Двадцать третьего декабря 1854 года у Николая Семеновича и Ольги Васильевны родился сын Дмитрий, названный в честь деда по отцовской линии. Но вскоре их постигло горе: первенец умер в младенчестве – если верить рассказу «Явление духа»{90}, на постоялом дворе. Андрей Николаевич Лесков предполагает, что сцены его писаны отцом с натуры: мальчик умер вскоре после посещения Панина, куда отец возил его и супругу познакомиться с родными{91}.

Через полтора года после его смерти, 8 марта 1856-го, появилась на свет дочь Вера. Вера Николаевна Лескова, в замужестве Нога, дожила до XX века, скончалась в Петербурге в 1918 году; мы еще вспомним о ней.

Расхождения супругов во взглядах, очевидно, начали обостряться после первых шагов Лескова в литературе. Его идеалы, его цели сделались более определенными, ему хотелось расти и развиваться на новом поприще, Ольга Васильевна вряд ли могла это оценить: замуж она выходила за молодого чиновника, оказалось – за литератора, журналиста.

Николай Семенович бежал из Киева в Москву, но Ольга Васильевна нагнала его и там, приехав с дочкой. Алексей Сергеевич Суворин, будущий известный писатель, крупный издатель, но тогда, в начале 1860-х, такой же молодой провинциал, приехавший из Воронежа, делавший первые пробы пера и живший в Москве вместе с Лесковым, уверял, что тот «щипал и бил» супругу. «Мерзавец большой руки», – резюмировал Суворин в одном из писем тех лет{92}. Другой литератор, очень не любивший Лескова, Иероним Иеронимович Ясинский добавляет подробностей: «…бедная женщина не могла открыть плечей, потому что они были черные!»{93}

Точку в отношениях супругов поставил отъезд Лескова в Петербург в декабре 1861 года. Еще два десятка лет Ольга Васильевна прожила беспокойно: крупный киевский банк, в котором она хранила деньги, доставшиеся в наследство от отца, лопнул, и она потеряла почти все сбережения. Ольга Васильевна металась, тяготилась дочерью. Киевские родные пытались помочь ей, как умели, но это было невозможно. Наконец для всех стало очевидно, что Ольга Васильевна психически больна.
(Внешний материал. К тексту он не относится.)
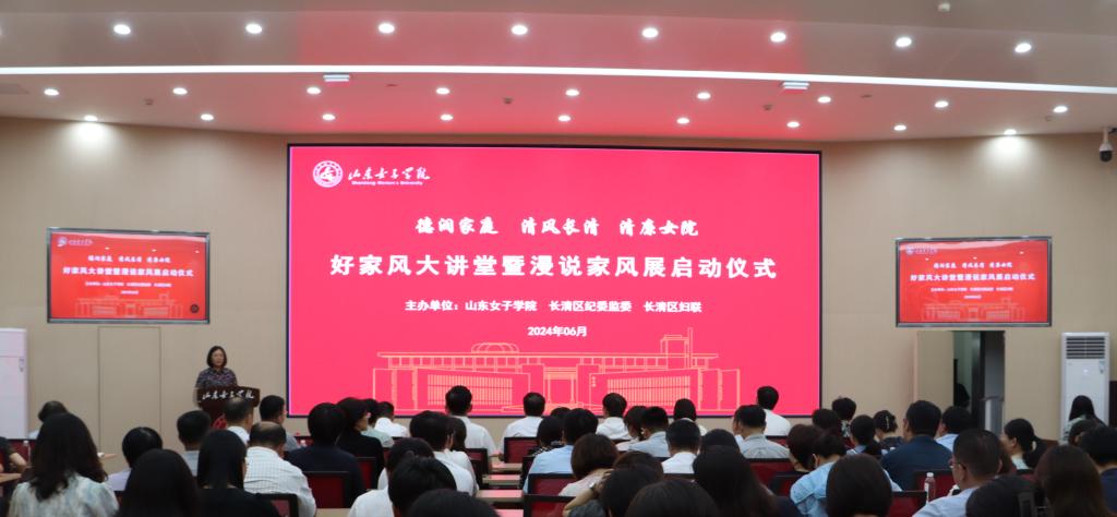 为深入学习贯彻习近平总书记关于注重家庭家教家风建设的重要论述精神,推动党员干部重视家庭建设,以良好家风推进全面从严治党向纵深发展。6月14日上午,学校与长清区纪委监委、区妇联联合开展“德润家庭 清风长清 清廉女院”好家风大讲堂暨漫说家风展活动。学校党委副书记龙希利,省社科联原一级巡视员张宏明,山东管理学院党委委员、纪委书记、监察专员王兴盛,长清区政协副主席刘福云,长清区大学城党工委委员纪检监察工委书记商政,长清区纪委常委、区委巡察办主任王道水,长清区妇联党组书记、主席张丽出席启动仪式并观展。活动由校纪委书记、监察专员杨恩红主持。

Последние 30 лет из отмеренных ей восьмидесяти она провела в петербургской психиатрической больнице Святого Николая на Пряжке{94}. Психические болезни диагностировали тогда плохо; быть может, то, что Лесков в молодые годы принимал за вздорность характера, было первым вестником заболевания.

Уже в начале 1890-х годов Вера Николаевна, навещая старушку-мать в скорбном доме, спросила, помнит ли она Лескова, своего мужа.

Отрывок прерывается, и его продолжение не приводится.